- **WHAT IS NEEDED**: Return the lines below in which the string "العمالي" occurs.

*** Opening of SUPPLIED RECORDS ***

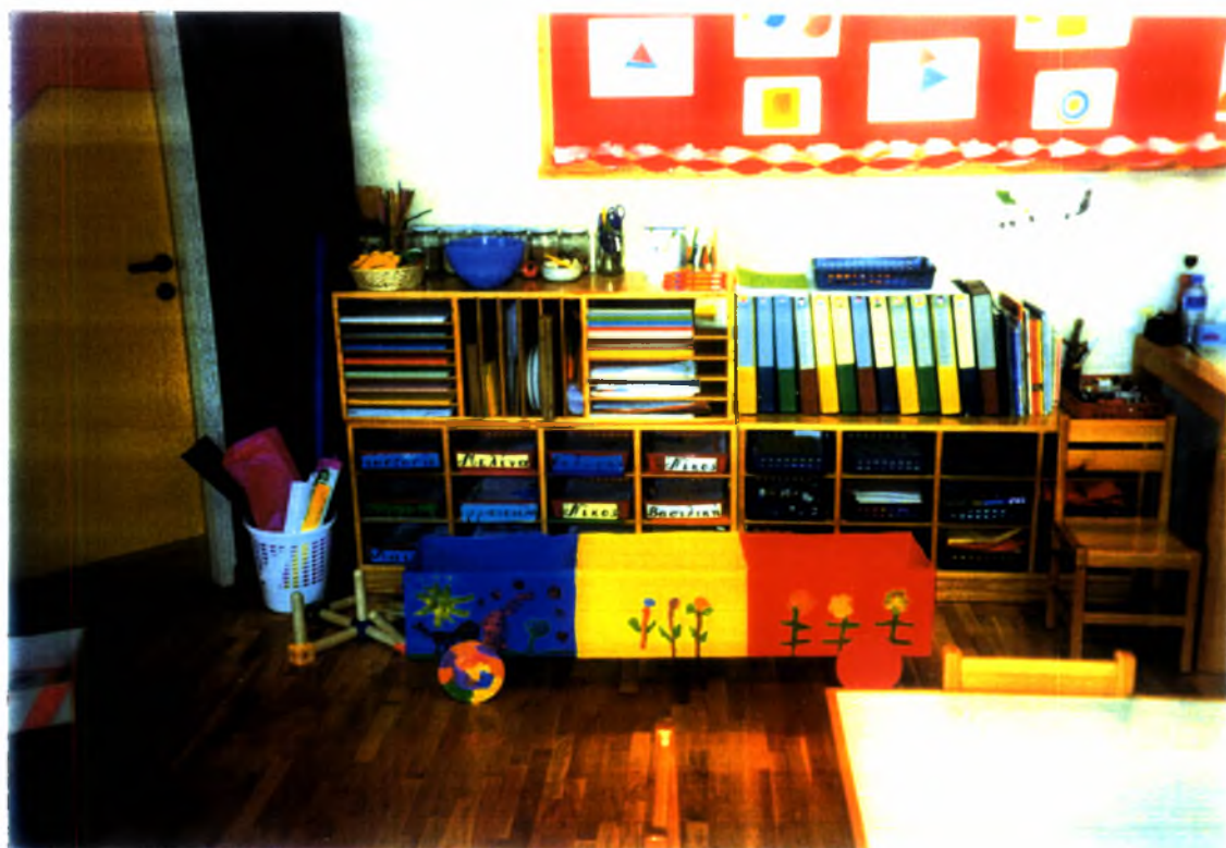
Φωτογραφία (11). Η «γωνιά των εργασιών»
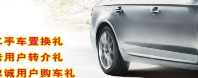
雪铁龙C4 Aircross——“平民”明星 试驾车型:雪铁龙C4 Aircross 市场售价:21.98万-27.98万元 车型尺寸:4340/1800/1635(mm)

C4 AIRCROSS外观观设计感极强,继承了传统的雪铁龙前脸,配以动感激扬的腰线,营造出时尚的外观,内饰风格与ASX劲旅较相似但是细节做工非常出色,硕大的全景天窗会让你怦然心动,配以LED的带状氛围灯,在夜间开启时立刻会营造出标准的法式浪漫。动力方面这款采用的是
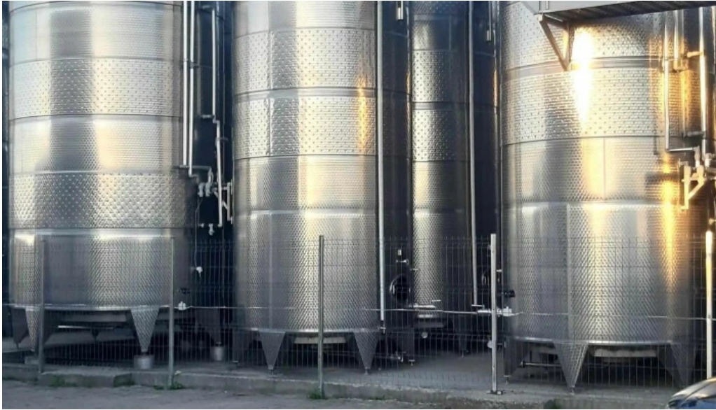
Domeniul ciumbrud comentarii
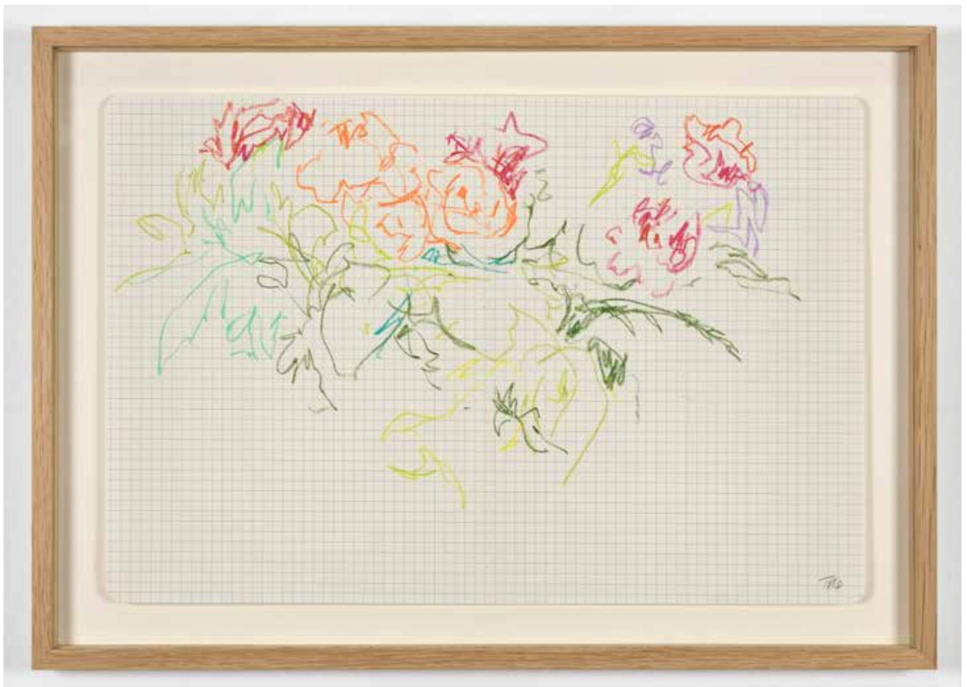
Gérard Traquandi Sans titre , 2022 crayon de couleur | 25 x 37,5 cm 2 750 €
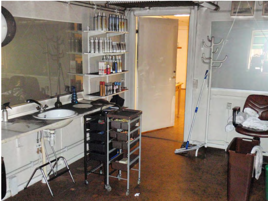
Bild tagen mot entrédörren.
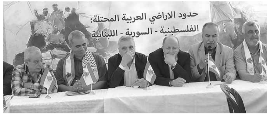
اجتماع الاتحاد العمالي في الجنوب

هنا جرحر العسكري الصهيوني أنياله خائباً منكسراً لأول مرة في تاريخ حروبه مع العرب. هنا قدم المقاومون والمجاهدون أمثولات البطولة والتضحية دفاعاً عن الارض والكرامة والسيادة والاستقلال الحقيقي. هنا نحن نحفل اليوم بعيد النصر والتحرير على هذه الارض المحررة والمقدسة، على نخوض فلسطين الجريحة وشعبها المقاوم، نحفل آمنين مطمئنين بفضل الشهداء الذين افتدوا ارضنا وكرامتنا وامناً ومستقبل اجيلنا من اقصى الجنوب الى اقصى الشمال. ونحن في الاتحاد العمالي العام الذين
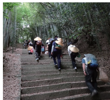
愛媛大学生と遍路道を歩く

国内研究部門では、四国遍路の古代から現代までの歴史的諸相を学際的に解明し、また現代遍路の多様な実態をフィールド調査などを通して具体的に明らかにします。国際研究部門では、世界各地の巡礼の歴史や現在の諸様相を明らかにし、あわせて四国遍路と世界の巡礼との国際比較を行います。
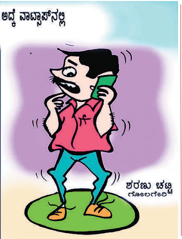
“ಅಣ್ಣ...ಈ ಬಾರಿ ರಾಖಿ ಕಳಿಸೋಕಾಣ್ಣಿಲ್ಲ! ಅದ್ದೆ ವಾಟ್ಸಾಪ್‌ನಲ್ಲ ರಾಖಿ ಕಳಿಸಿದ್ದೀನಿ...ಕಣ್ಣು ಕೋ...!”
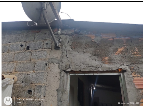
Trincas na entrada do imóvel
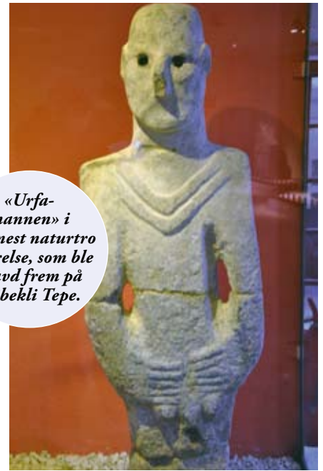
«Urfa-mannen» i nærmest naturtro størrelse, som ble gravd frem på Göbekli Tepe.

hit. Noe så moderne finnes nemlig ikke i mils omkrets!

*** Close of SUPPLIED RECORDS ***

- **OUTPUT**:
اجتماع الاتحاد العمالي في الجنوب
هنا جرحر العسكري الصهيوني أنياله خائباً منكسراً لأول مرة في تاريخ حروبه مع العرب. هنا قدم المقاومون والمجاهدون أمثولات البطولة والتضحية دفاعاً عن الارض والكرامة والسيادة والاستقلال الحقيقي. هنا نحن نحفل اليوم بعيد النصر والتحرير على هذه الارض المحررة والمقدسة، على نخوض فلسطين الجريحة وشعبها المقاوم، نحفل آمنين مطمئنين بفضل الشهداء الذين افتدوا ارضنا وكرامتنا وامناً ومستقبل اجيلنا من اقصى الجنوب الى اقصى الشمال. ونحن في الاتحاد العمالي العام الذين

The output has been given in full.